Although RF presented a comparable accuracy, the XGBoost was considered the ideal model in terms of the results being easier to interpret, and thus allowing to better understand the factors influencing the prediction result [38]. The random forest model aggregates multiple decision trees grown on bootstrap subsamples of the training set, while the XGBoost successively build decision trees, learning from the mistakes of the previous ones. The XGBoost method often achieve the best results on structured data [39] as available in our study. The XGBoost model presented here, if validated for use, is of great clinical interest because it requires demographic and clinical variables only, with no genetic or biomarkers data. In daily practice, prognostic models that would be available at the time of decision-making are preferred. In this way, the rheumatologist can select patients for recommended ophthalmologic counselling, and can decide the appropriate treatment for these patients.

This study has several strengths. First, we used well-curated data available from national BD cohort to generate our classification models.

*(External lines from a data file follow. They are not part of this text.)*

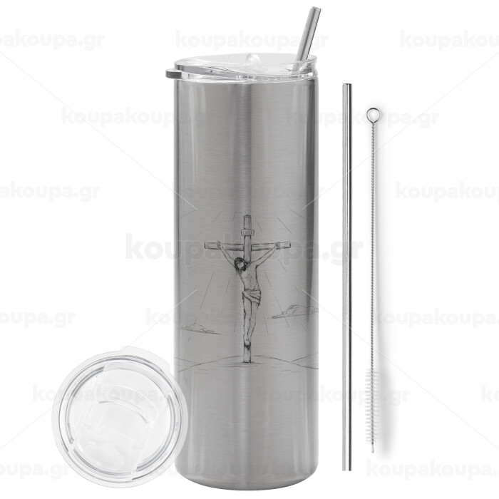Jesus Christ , Tumbler ποτήρι θερμό Ασημένιο από ανοξείδωτο ατσάλι 600ml, με μεταλλικό καλαμάκι & βούρτσα καθαρισμού
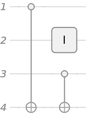 Define an initial state as , where is the code that Alice wants to send Bob, which is encoded in two ancillary qubits (qubits 3 and 4).
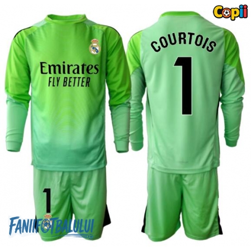 Real Madrid Thibaut Courtois #1 Portarii Echipament de Fotbal Replică 2025-26 Copii Deplasare Mâneci Lungi (+ Șorturi)
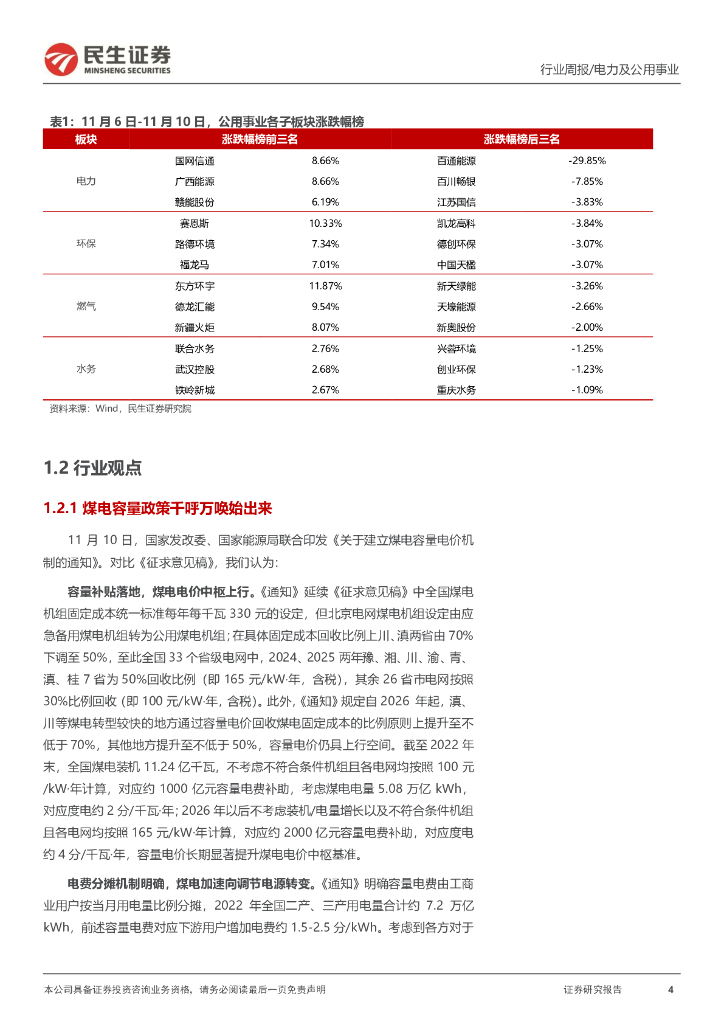 民生证券:公用事业行业周报(2023年第44周):煤电容量政策落地,PPP新机制提升民企参与度.pdf

Second, given that the patients were from multicenter and because the partitions were non-random, this approach is considered a type of validation. Third, the use of ensemble tree-based model was a strength owing to its capability to examine a large number of variables, accounting for all others simultaneously. Finally, we provided a Shapley plot that can be easily explained visually and easily to understand. This study still has some limitations. The cross-sectional design, thus the realization of a longitudinal analysis, is certainly needed. Analyses with a large number of variables are susceptible to collinearity among the variables; however, XGBoost classifier is designed to account for collinearity. Patients with BD were excluded if they were missing outcome data in their databases, which may introduce bias to the analysis. In the current study, there is male predilection (71.5%), which is consistent with previous reports from Middle East (REF). However the analysis were stratified by gender differences, further validation of ML models in different gender distribution dataset is suggested. Finally, the decision about what to do when the value of a patient’s variable was missing was a challenge. Our choice to not replace missing values was supported by the similar results we observed with statistical imputation (Additional file 2: Table S2).

Conclusion

In conclusion, we identified that Extreme Gradient Boosting model could reliably identify features associated with BDVT risk better than the conventional statistical method. Furthermore, higher disease activity, thrombocytosis, ever smoking, and daily steroid dose were the top factors associated with VTBD. The identification of VTBD-key contributors improve the multimodal treatment strategies. Such approach could be further validated on an external dataset, and once validated, it would be easy to implement at the point of care to individualize and tailor therapeutic regimens.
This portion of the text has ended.